When one Decode worker is spun up, the statefile looks like:

```json
{
  "dynamo_VllmWorker": {..., resources={...}},
}
```

Now another decode worker is added:

```json
{
  "dynamo_VllmWorker": {..., resources={...}},
  "dynamo_VllmWorker_1": {..., resources={...}},
}
```

Then one decode worker is removed:

```json
{
  "dynamo_VllmWorker": {..., resources={...}},
}
```

If the last decode worker is removed, the statefile looks like:

```json
{
  "dynamo_VllmWorker": {...},
}
```

Note that we keep the initial non-suffix entry in order to know what cmd we will need to spin up another worker.

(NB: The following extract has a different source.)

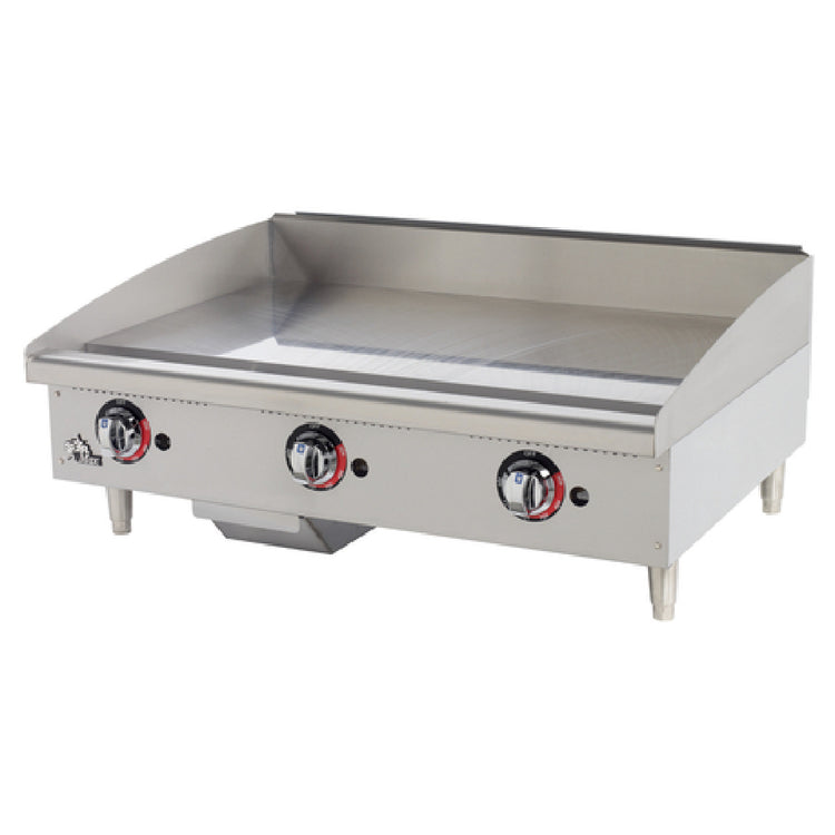 The Star 636TSPF Star-Max® Heavy Duty Griddle Gas Countertop is a robust and reliable cooking appliance engineered for demanding culinary environments. With a generous 36-inch width and 21-inch depth cooking surface, it provides ample space for diverse cooking needs. The griddle features a 1-inch thick steel plate, ensuring consistent heat distribution and excellent thermal retention. Its electronic snap-action thermostat, placed every 12 inches, allows precise temperature control, enhancing cooking efficiency. Built with heavy-duty knobs, it offers durability and ease of use. The wrap-around stainless steel splash guard enhances cleanliness by containing splatters, while the grease trough and stainless steel drawer facilitate easy maintenance and waste management. Constructed with a welded steel frame and a stainless steel front, this griddle combines durability with an attractive design. Supported by 4-inch legs, it provides stability during operation. Operating at 84,900 BTU, it delivers substantial cooking power, making it suitable for high-volume kitchens. Certified by cULus and UL EPH Classified, it adheres to stringent safety and performance standards. Proudly made in the USA, the Star 636TSPF ships with natural gas compatibility, including an LP conversion kit, catering to versatile fuel requirements. This product is ideal for restaurants and food service establishments seeking reliability and performance.

This is the same for prefill workers as well.

> [!NOTE]
> At the moment - planner work best if your initial replicas per worker are 1. This is because if you specify replicas > 1 when you initially start `dynamo serve`, the current implementation in `serving.py` starts each process in the same watcher.

### Kubernetes Backend

The Kubernetes backend works by updating the replicas count of the DynamoGraphDeployment custom resource. When the planner detects the need to scale up or down a specific worker type, it uses the Kubernetes API to patch the DynamoGraphDeployment resource, modifying the replicas count for the appropriate component. The Kubernetes operator then reconciles this change by creating or removing the necessary pods. This provides a seamless scaling experience in Kubernetes environments without requiring manual intervention.